Friday, May 9, 2014

Sawyer, My Walking Companion

I admit, Earl was my favorite. You're not supposed to have favorites, but he was. I never said it in front of Sawyer, or if I did I'd cover her big, floppy ears and whisper out the side of my mouth, sometimes even spelling the words:

"E-A-R-L-Y B-I-R-D I-S T-H-E B-E-S-T D-O-G I-N T-H-E W-O-R-L-D!"

Not that Sawyer is a bad dog. Not at all. She's one of the sweetest, gentlest, most loving creatures I've had the pleasure of knowing. But Earl was my first puppy-to-death dog. The firstborn of our pack. He was my special joy.

In fact, I got Sawyer more for Earl than for me. I'd recently broken up with my ex-girlfriend. She took with her the two dogs she brought into our relationship. I took Earl, who had just turned one. I had picked Earl out from the three puppies available at the St. Joseph shelter. His brother and sister were mostly white, so they looked more like a purebred Great Pyrenees, which is what their mother was. No one new what the father was, which is why these three puppies ended up in the shelter at seven-weeks-old: their owner didn't want to tarnish his bitch's good rep.

I picked Earl precisely because he was the oddball. He had a fluffy mostly-white body, but his head was almost solid black. He was adorable.


Sawyer was also an adorable puppy:


I didn't actually pick Sawyer. She picked me. I got her for free from an ad in the paper. I wanted a puppy companion for Earl, who was lonely in the house all day by himself while I was at work. He had been raised from 7 weeks old around other dogs. He needed a playmate. But also, I decided to get another dog when I saw the ad for free puppies. I was afraid if I didn't adopt one someone else would use it for dog fighting bait. 

Her situation was similar to Earl's. Sawyer's mother was a purebred Beagle. The neighbor's black Lab jumped the fence. That fall, five black little mini-Labs were born. I called the number in the paper. An elderly man answered the phone and told me to come over and pick one out.

I knocked on his door. He had a nasal cannula transporting oxygen to his lungs and he looked about 100 years old. He told me to go out to the back yard and "pick any pup you want."

I walked to the side of the house to enter through the gate. As soon as the lock hit the chain-link fence, five black little mini-Labs and their Beagle mother all ran toward me. Cuteness overload! I sat on the ground and let them crawl all over me. Each one of them, the puppies and the mother, were starved for human attention. I couldn't imagine their owner got out to the back yard very often.

After about twenty minutes of sitting there, soaking up some puppy love, I gave up trying to decide. I stood and announced, "OK, who wants to go home with me?"

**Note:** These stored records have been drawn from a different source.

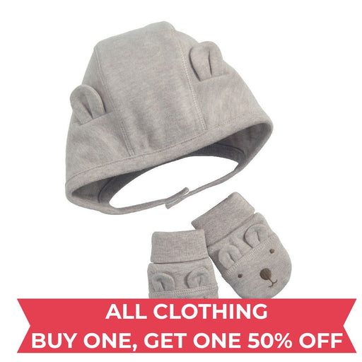 View full details2-piece hat and mitts set, in super soft oatmeal marl fabric. Adorable bonnet-style hat with easy velcro fastening and cute ear detail. Mitts featu...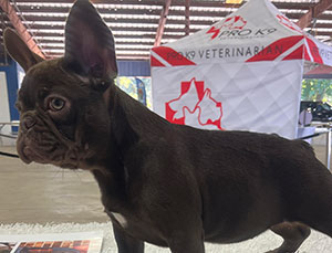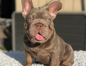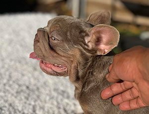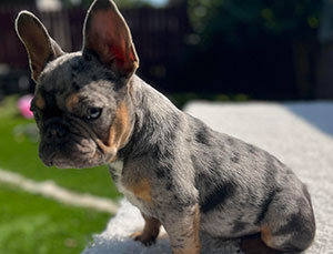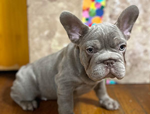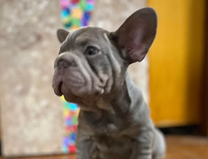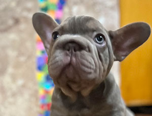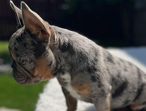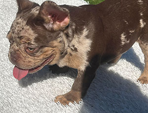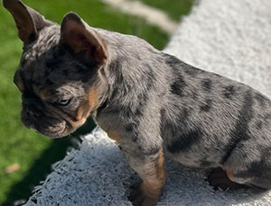 Mars, our newest French Bulldog puppy was just acquired and is a full blood French. He is blue and tan merle with specs of white. Although he is young now, this stud will be available to breed in 2021. Call for an appointment.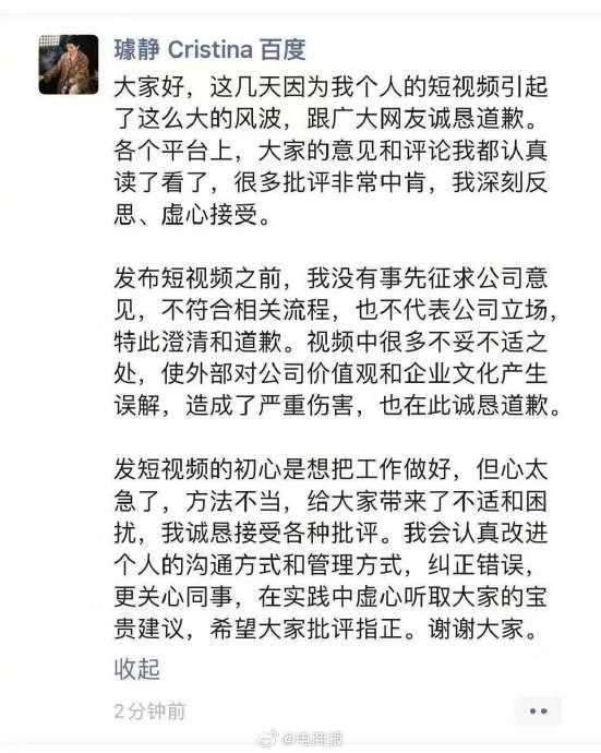 #百度副总裁深夜致歉# 百度璩静深夜致歉:初心是想把工作做好,但心太急了。对百度造成严重伤害,视频不代表公司立场,诚恳接受批评。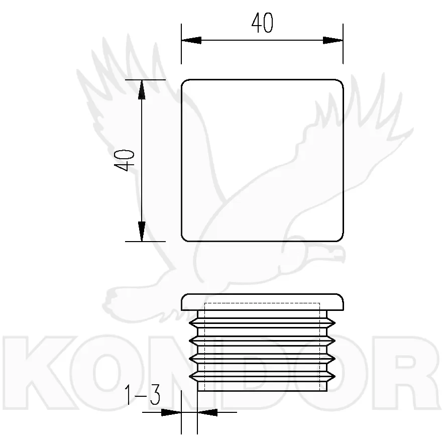 Plastová koncovka jeklu. Rozměry 40 x 40 mm. Možno nasadit na jekl o síle stěny 1–3 mm. Standardní barva je černá.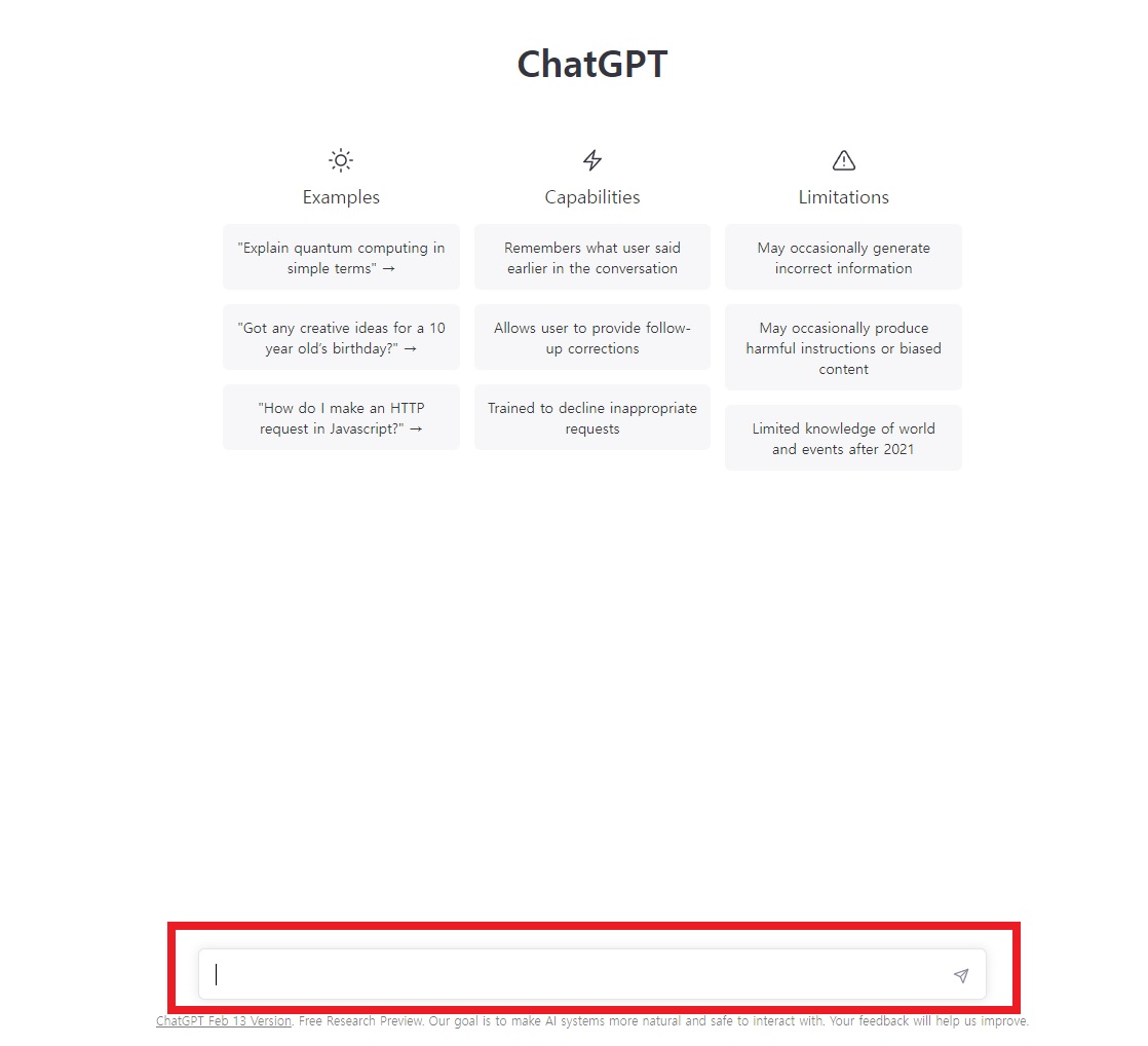 바로 open ai를 기반으로한 chat GPT를 이용하실 수 있습니다. 빨간 네모표시가 되어있는 곳에 한글 or 영문 or 기타 언어로 질문을 하면 chat GPT가 각종 지능형 정보들을 입력해줍니다.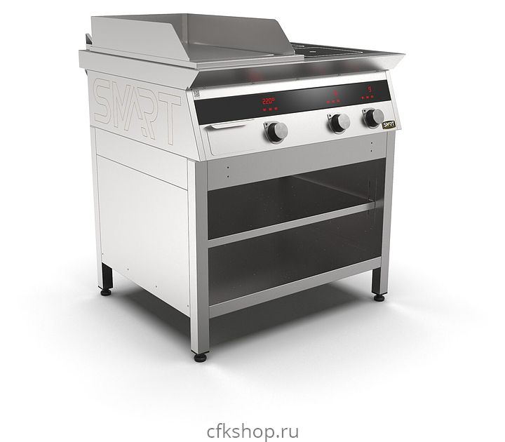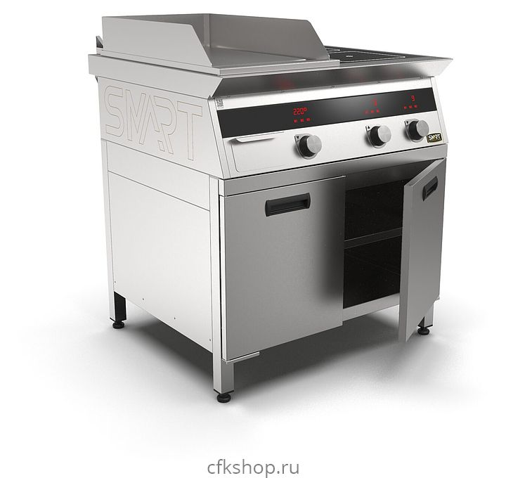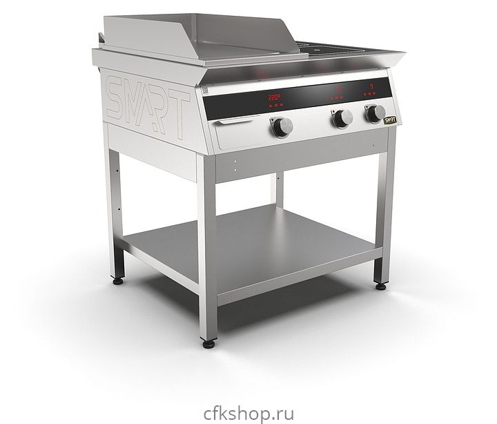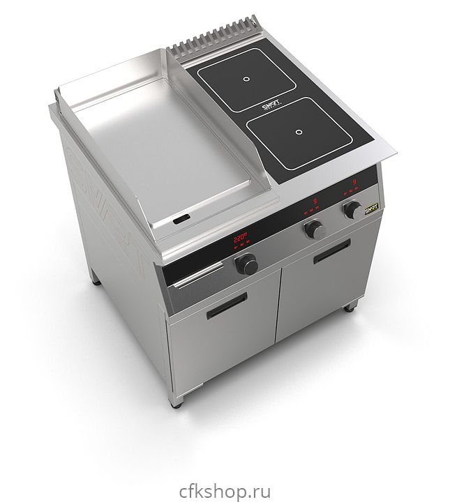 Комбинированная индукционная плита SMART INDUCTION K74-5PKN предназначена для приготовления и быстрого разогрева блюд на предприятиях общественного питания и торговли. Модель оснащена электронно-механической панелью управления с цифровой индикацией и сенсорными кнопками, 2 съемными жировыми фильтрами для отделения жира и влаги от поступающего внутрь аппарата воздуха, ящиком для сбора жира и регулируемыми по высоте ножками. Корпус и столешница выполнены из нержавеющей стали AISI430, рабочая поверхность плиты - из стеклокерамики, рабочая поверхность гриля и передняя панель - из нержавеющей стали.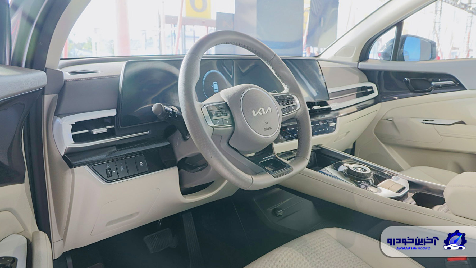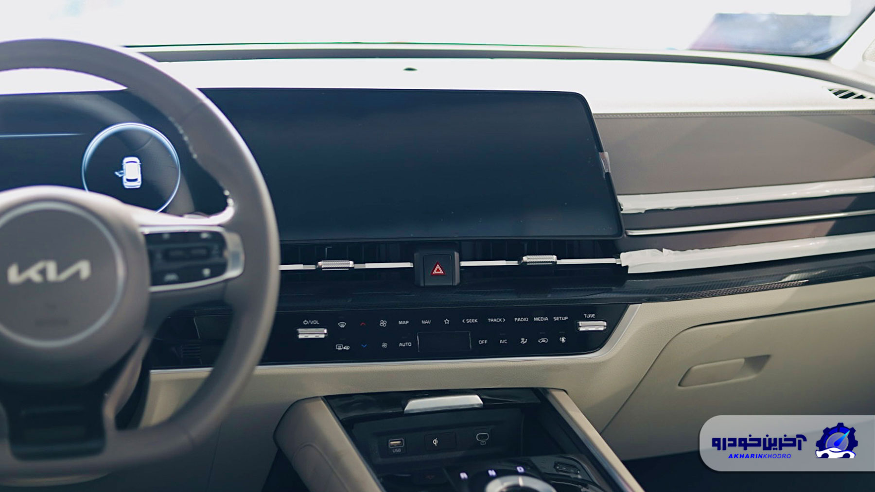 شایان ذکر است که سیستم صوتی به کار رفته در نسخه فول از کیا اسپورتیج ساخت شرکت مطرح Harman kardon است که حرفی را برای گفتن باقی نمی گذارد. غربیلک فرمان به صورت دی کات و سه شاخه بوده و درون فرمان چرم دوزی شده است. از طریق کلید های روی فرمان می توان تنظیمات مربوط به سیستم مالتی مدیا و کروز کنترل را انجام داد. در قسمت سمت چپ فرمان دکمه های مربوط به سیستم کنترل پایداری و تنظیم حالت چراغ ها نیز وجود دارند. در بخش کنسول وسط شاهد دسته دنده چرخشی الکتریکی هستیم و در قسمت کناری آن می توانیم به کلید های مربوط به اتوهلد، ترمز پارک برقی، دکمه استارت حالات رانندگی و… اشاره کنیم.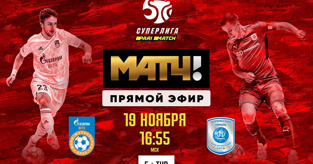 Смотрите первый поединок между МФК "Газпром-Югра" и МФК "Норильский никель" в рамках 5-го тура Париматч-Суперлиги в прямом эфире на телеканале Матч ТВ!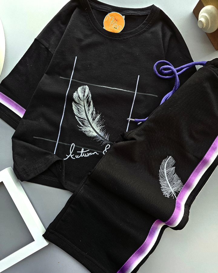 🟡جنس تیشرت پنبه سوپر شلوار بگ اسلش کمر کش قابل تنظیم گلدوزی شده  دمپای مدل برگی چاک داره  جفت مدل ها جیب دارن دوخت  بسیار زیبا و تنخور شیک کیفیت تضمینی  ✅️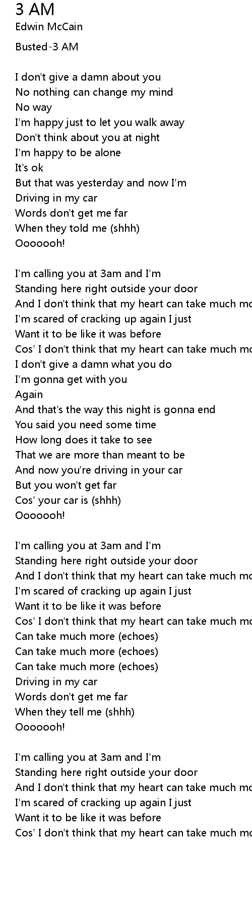 I'm calling you at 3am and I'm |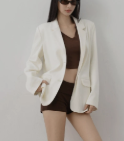 The built-in shoulder pads help refine the shoulder line and give the overall look a more structured, polished feel. The double-button, relaxed wide-cut silhouette adds a touch of effortless cool, while the warm, stretchy fabric softens the traditional tailored look of a blazer. The result is a versatile piece that feels more casual and wearable, perfect for everyday styling without looking overly formal.

I walked toward the gate. When I got there, I looked down and there was one puppy. I picked it up and took it to the owner's front door. I called through the screen, "I'll take this one."

He used a walker to inch toward the door. "Come inside. D'ya git a girl or a boy?"

"I don't know," I said, laughing.

He looked at me like I was strange and took a peek at the puppy's bottom. "Ya got a girl," he said in babytalk to the puppy's face. It was funny to hear this gruff old man talk to her like that. He pet underneath her chin and said, "Hold on a minute."

He came back with some dog nail clippers and proceeded to slowly clip each one of her nails as he leaned on his walker. "Now, watch her nails. You gotta trim them often."

It was sweet that he seemed concerned about her welfare and not anxious to get rid of her.

If only he'd known he was giving away a "designer dog". Who knew? I certainly didn't. I just wanted a free puppy, but I've since found out that evidently Beagle-Lab mixes are a thing. This description sounds just like her.

She was the perfect companion for Earl. I could go to work each day and leave them alone to play together. And as they got older, and lazier, to nap together.

Now Earl's gone. What's Sawyer's job now that she's not Earl's companion?

This morning I took a look at Sawyer, lying on the couch snoring. She'd made a "Hrmph" noise that sounded to me like she was trying to say, "Mom, I'm sad."



"Come on Girl, let's go for a walk!" I announced. She perked right up.

We haven't been able to take long walks for many months due to Earl's failing health. It was great to walk around the neighborhood with an energetic dog. We took our time and soaked up the sun, smelled the smells, and enjoyed our walk. Just the two of us. Walking Companions.